E, nem no dias das mães, se pode andar pelas ruas sem ser indevidamente abordado!

Em plena e suposta democracia é triste ver a população brasileira sofrer calada diante dos desmandos praticados no país, no qual se inclui o abuso de autoridade e a falta de segurança pública. Com a agravante de que os policiais, que deviam cuidar da população, de socorrê-la, salvaguarda-la de perigos são estimulados a violá-la.

Pergunto: este país, que tem no art. 1º da Constituição Federal, a garantia de que estamos num Estado Democrático de Direito, ficará de ponta cabeça, com cidadãos de bem sendo violados, até quando?


[1] HC 801049.5/1, Tribunal de Justiça de São Paulo.

3 comentários:

Abrasel Bahia disse...

Caro Rizzato,

Muito obrigado! Mentes lúcidas e desejosas de efetivos resultados na melhoria de nossa sociedade são as que poderão nos livrar desta triste trajetória policialesca e hipócrita daqueles que legislam sob holofotes!
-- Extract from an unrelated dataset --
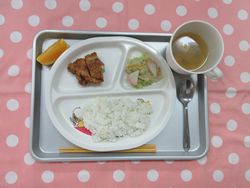 2025.10.07 ごはん わかめの味噌汁 鶏肉の竜田揚げ かまぼこサラダ オレンジ たんぱく質・・・13.6g エネルギー・・・390Kcal ※3歳~5歳児の栄養価を記載しています。2歳児の栄養価は3歳~5歳児の75%の値です。

Sabrina Noureddine disse...

Prezado Prof. Rizzatto,
Concordo com esse sentimento, e o pior é que isto está ocorrendo em todas as esferas do Poder Executivo, é o que sinto ao atuar na área administrativa tributária, conforme o que escrevi no meu blog na semana passada, se tiver interesse nessa área também, será uma honra sua visita: http://sabrinanoureddine.blogspot.com
Abs.

Anônimo disse...

O texto estaria impecável se não fosse sua insistência em defender "o cidadão de bem" que bebe sua cervejinha. Busque pesquisas sobre o efeito de uma "cervejinha" no corpo humano e o quanto essa bebida pode comprometer os reflexos e observe seu cidadão passar de pessoa de bem para homicida. Temos responsabilidades, quem bebe não deve dirigir. O consumo de bebida alcóolica atúa de formas diferentes em cada pessoa. Um copo de cerveja pode não oferecer grandes mudanças para alguns, mas para outros, pode causar embriaguez. Esse tipo de bebida é lícita, mas ainda assim é droga. O seu cidadão de bem pode matar alguém, mas só nos damos conta disso quando perdemos um ente querido por conta de um cidadão de bem.
Eu apoio a Lei Seca, afinal não podemos permitir que mais um cidadão de bem se transforme num assassino. No mais, concordo com você.
Abraços.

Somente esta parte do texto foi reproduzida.